At the Battle of Borodino outside Moscow in 1812, the Russians seized key French positions with eight bayonet charges. At the Battle of Leipzig in October 1813, a handful of soldiers of the Finnish Lifeguard Regiment were surrounded by superior enemy forces. The grenadiers fought back with fixed bayonets until just one soldier remained alive. Wounded 18 times, he was taken prisoner and then cited by Napoleon as an example of close-quarter fighting grit for his army.

Reproduction of "Division of Neverovsky at Krasnoye" [1812] painting by Alexander Chagadayev. Source: RIA Novosti

In the Crimean War of 1854-1855, the British and French experienced the full fury of the Russian bayonet charge during the siege of Sevastopol. Russia could not win the war, but the cold-steel effect was an enduring memory for the victors.

Twelve years later, Britain and France even pressured a Russian organization of the International Society of the Red Cross to lobby Russian military authorities to abandon the use of bayonet thrusts to the stomach. Russia formally acquiesced, but its soldiers often continued to fight using the old style.

By the start of the 20th century, Russian bayonet fighting skills were considered the finest in Europe, despite there being no written guidelines, skills instead being passed from soldier to soldier.

The Russian bayonet also found application in the new era of rapid-fire rifles and was even adopted for some German trophy rifles in World War I. But the spike bayonet was gradually supplanted by the knife variant, which was due to be broadly introduced into the Red Army - before the outbreak of the Second World War interrupted this reform.

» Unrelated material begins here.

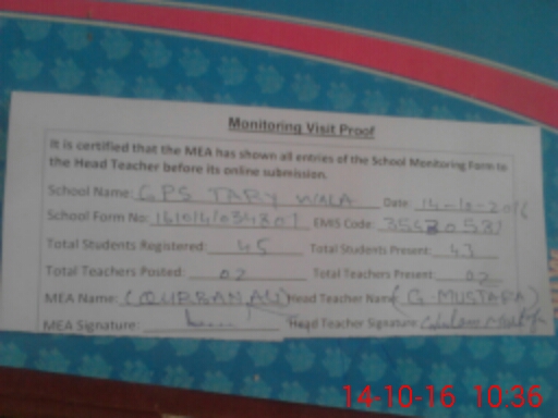 | EMIS Code: 35430581 | Name of School: GPS TARY WALA | |||

The suddenness of the Nazi attack on the Soviet Union meant that there were still plenty on the battlefield when war broke out. Soviet soldier Ivan Ishchenko famously killed seven Germans in hand-to-hand fighting near Kirovograd in 1944, his long spike bayonet outreaching the shorter German ones.

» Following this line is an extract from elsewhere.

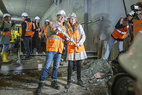 Die Tunnelpatin Franziska Reichenbacher ist mit von der Partie, wenn die Verbindung hergestellt wird und ein weiterer Meilenstein geschafft ist. „Am Ende des Tunnels kommt Licht – und hier auch noch das Bestandsbauwerk. Wieder ein Meilenstein an dieser spannenden Großbaustelle mitten in Frankfurt geschafft und ich gratuliere Ihnen allen zum finalen Durchbruch. Vielen Dank auch dafür, dass ich seit 2019 ein Teil dieser Reise für noch mehr Mobilität in Frankfurt sein durfte“, freut sich Franziska Reichenbacher.

A warrior of the Red Army on guard, 1941. Source: RIA Novosti

After the war, the Soviet Army finally switched to the knife bayonet, which was issued with the new Kalashnikov assault rifle. And the ancient martial art even spread beyond the military environment as a variation of fencing, with carbines and fixed bayonet.

It did not last much more than a decade, however, and was dropped at the request of the International Olympic Committee, which deemed bayonet fencing overly aggressive and militaristic.

Alexander Vershinin is an historian and holds a Ph.D in History. He is a senior researcher at the Governance and Problem Analysis Center in Moscow.